Neither of these actually answers the question of how you derive the perfect name for your Wonder, though they both address factors to keep in mind while working on the name.

The Standard Formats

There are two standard formats that are generally used for the name of Wonders:

  • The [General] of [Specific]
  • The [Specific] [General]

I realize these aren’t very clear, so let’s throw up an example of each:

  • The [Colossus] of [Rhodes]
  • The [Reichsbacht] [Falls]

The first is usually applied to Non-natural Wonders, while the second is applied to some Natural Wonders and to locations which are not always considered wonders.

Incorporating The Wonder

These traditional forms buy into the popular culture mystique of ‘Wonders Of The Known World’ by association of form within the name, but they don’t do a lot to convey the sense of awe and mystery and majesty (and whatever) that is our end-goal.

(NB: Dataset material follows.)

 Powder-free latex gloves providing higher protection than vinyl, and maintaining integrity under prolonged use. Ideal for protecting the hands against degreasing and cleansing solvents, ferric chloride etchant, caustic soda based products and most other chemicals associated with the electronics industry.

Part of the problem is that the “Specific” part of the name is either a geographic reference – a place name, more to the point – or sometimes the name of the designer or builders, and none of that really fires up the imagination.

Using the same form, however, we can conjure up names for wonders that are far less prosaic while still harkening back to the source forms. Off the top of my head, try these two:

  • The Veil of Symphony
  • The Impulsive Jungle

I have no idea what these wonders are – but the names alone are enough to fire the imagination, to start suggesting possibilities of what they might be.

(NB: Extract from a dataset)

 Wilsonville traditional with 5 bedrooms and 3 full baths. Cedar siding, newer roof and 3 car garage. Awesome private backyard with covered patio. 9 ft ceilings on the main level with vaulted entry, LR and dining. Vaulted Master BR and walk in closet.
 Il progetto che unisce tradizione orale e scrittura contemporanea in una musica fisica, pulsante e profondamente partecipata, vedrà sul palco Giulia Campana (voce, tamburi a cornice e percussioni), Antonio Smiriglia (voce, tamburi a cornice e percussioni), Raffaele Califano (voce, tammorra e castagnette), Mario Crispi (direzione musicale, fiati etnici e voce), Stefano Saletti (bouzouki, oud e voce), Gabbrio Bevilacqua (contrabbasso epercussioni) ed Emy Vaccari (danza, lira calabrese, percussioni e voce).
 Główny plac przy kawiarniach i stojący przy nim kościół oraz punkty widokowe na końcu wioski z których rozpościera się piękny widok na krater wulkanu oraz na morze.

In other words, the same principles that apply to creating good names for magic items also apply to creating good names for Wonders! This also offers the potential for other name forms, but they will all contain the same two components – a [general] element and a [specific] element.

Of course, this is the 20th-century (and 21st) human approach; your society might employ different naming conventions. However, this can create an additional burden for the GM to overcome, since it gives up the cache of your player’s existing awareness of Wonders. So have a VERY good reason for employing that different naming convention, or play to your contemporary audience of players/readers.

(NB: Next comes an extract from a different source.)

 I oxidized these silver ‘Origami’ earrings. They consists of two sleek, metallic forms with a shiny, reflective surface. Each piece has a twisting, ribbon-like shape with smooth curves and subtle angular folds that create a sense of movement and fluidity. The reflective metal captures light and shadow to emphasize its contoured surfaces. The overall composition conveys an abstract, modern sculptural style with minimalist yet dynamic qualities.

Having broken the search for an effective name into two smaller components, let’s look briefly at each, and then wrap up this part of the discussion with a guiding principle.

The [General] Element

This can be prosaic – “Jungle” in the second example above – but if you can find an alternative noun that is descriptive, so much the better – “Veil” in the first example, because it gives you an extra descriptive element for the price of one.

The [Specific] Element

This is the element of the name that pins this particular Wonder down, as opposed to any other locations that might fit the [General] label. As such, it frequently carries the heavier burden, having to create the gosh-wow (or at least, lay the foundations for it) as well as being descriptive. As a rule of thumb, I will spend three times as much time and effort on the specific element as I will on the General Element, minimum.

Other Languages

Don’t forget that rendering the name you come up with into another language can add tons of flavor. “The Hall Of Shadows” is already a pretty good name, but here it is in a dozen other languages, courtesy of Google Translate:

  • An Halla Na Scáthanna
  • Aula Umbrae
  • Hall nan nan lonbraj
  • Hallen av skuggor
  • Itzalak Aretoan
  • La sala de las sombras
  • Le hall d’ombres
  • Mae’r neuadd o gysgodion
  • Sál stín
  • Sala cieni
  • Salurinn á skugganum
  • Zule nas

A Tip for using Google Translate:
Avoid unusual capitalizing. When I started the above list, I had entered “The Hall Of Shadows” and quite often the software failed to translate it at all. More than half the above list was only accessible once I had changed my entry to “The hall of shadows”.

Another Tip for using Google Translate:
Quite often, copying text from a website produces strange formatting. I keep an empty notepad (plain text) document on my desktop; I copy and paste any website text into it to strip away any formatting, then copy and paste that into my actual working document, where – being bereft of formatting – it will adopt whatever formatting (font etc) is already established. For a long time, I thought that I had to save it first, but have discovered that step to be unnecessary. :)

Imply the Ruling Adjective In The Name

This is tricky to do but can pay big dividends if you can manage it. Sometimes a variation on the General element will do the trick, at other times you have to add this to the requirements for the Specific element.

Cheating with a non-human language: The last resort

A whole section of my article appears to have vanished without a trace. I’ve done my best to recreate it at the VERY last minute, but if I’ve missed anything…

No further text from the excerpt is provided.